China Economics Seminar

Foreign Exchange Reserves: A Double-Edged Sword

The recent currency bill passed by the US Senate has once again drawn attention to the Sino-US trade issue and the colossal foreign exchange reserves accumulated by the PBoC, China's central bank, as a result of years of Chinese surplus. Chinese FX reserves have increased by 17.2 times from 166 billion USD in 2000 to 3.2 trillion USD in September 2011, an annual growth rate of 29.5% from 2000 to 2010. The pile of reserve assets on PBoC’s balance sheet is impressive, but is it good policy for China keep such a high foreign reserve?

 

 

A large foreign reserve on central bank’s balance sheet is a double-edged sword. On the one hand, the large foreign reserve is a precautionary holding for surplus countries, especially for Asian countries, which learned from the cases of Korea, Indonesia and Thailand in the 1997 East Asian Crisis that running out of FX reserves amid market turmoil could have catastrophical effects, possibly culiminating in international intervention and austerity.

 

Though FX reserves are a precious resource in a crisis, China's colossal 3.2 trillion USD foreign reserve also carries significant costs. The first kind of cost is distortion.

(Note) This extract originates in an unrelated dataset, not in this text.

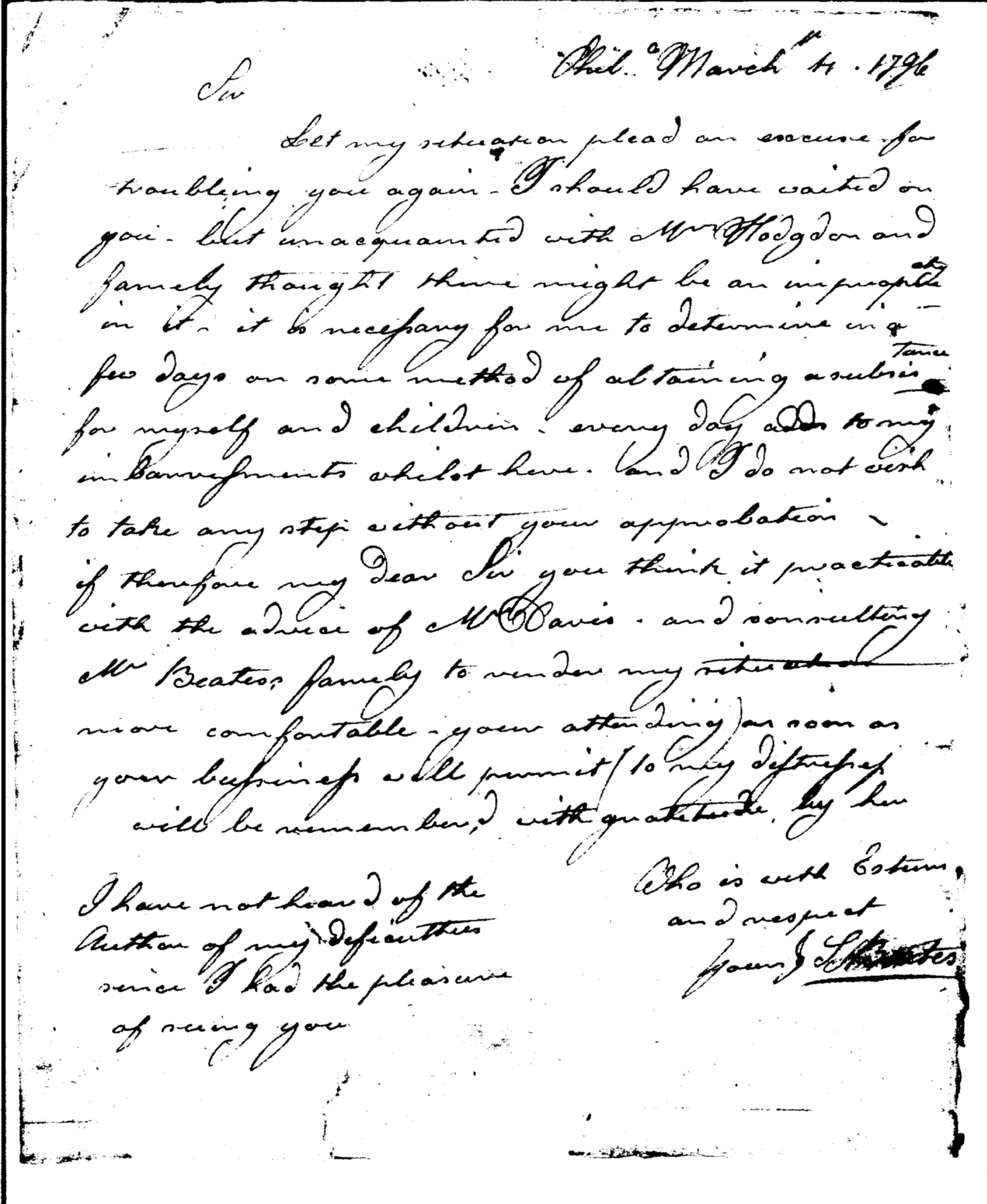- Document: Request to Samuel Hodgdon from S. Beates for assistance for self & family

China’s PBoC and State Administration of Foreign Reserves (SAFE) require that all corporations and household exchange their FX holdings into RMB. This mandatory currency-exchange policy has led to the rapid growth of foreign reserves, and also significantly increased money supply as a side effect. FX reserves are exchanged into high-powered money directly which now accounts for 76.5% of M1 in 2011, in comparison with 28.5% ten years ago. The rapid increase in money base creates inflationary pressure in the Chinese economy.

 

Second, there are sterilization costs. The PBoC can issue bills to withdraw the liquidity generated by FX reserve accumulation. The difference between the interest the PBoC pays on its bills and the interest it receives on US Treasuries is the sterilization cost. The nominal cost for the central bank is negative. Rather, it is the commercial banks that bear most of the sterilization costs, and our next post will discuss this in detail.

 

There are also opportunity costs, incurred from two sources: The first is the opportunity cost of not investing in assets with higher yields. SAFE has invested around 1.3 trillion USD into US Treasuries, which could have been invested into assets with higher returns, such as equities. The second opportunity cost comes from the fact that FX reserves are a form of “constrained saving”. From a macro perspective, FX reserves are an asset class that the government deliberately allocates national savings into. Without the mandatory currency exchange policy, the private sector could have used the funds to invest elsewhere, probably generating a greater social benefit.

 

In conclusion, the FX reserves are a double-edged sword. With the world’s largest holdings of FX reserves, China should do the cost-benefit analysis carefully. Such a calculation would likely lead to a moderation in the pace of FX reserves accumulation.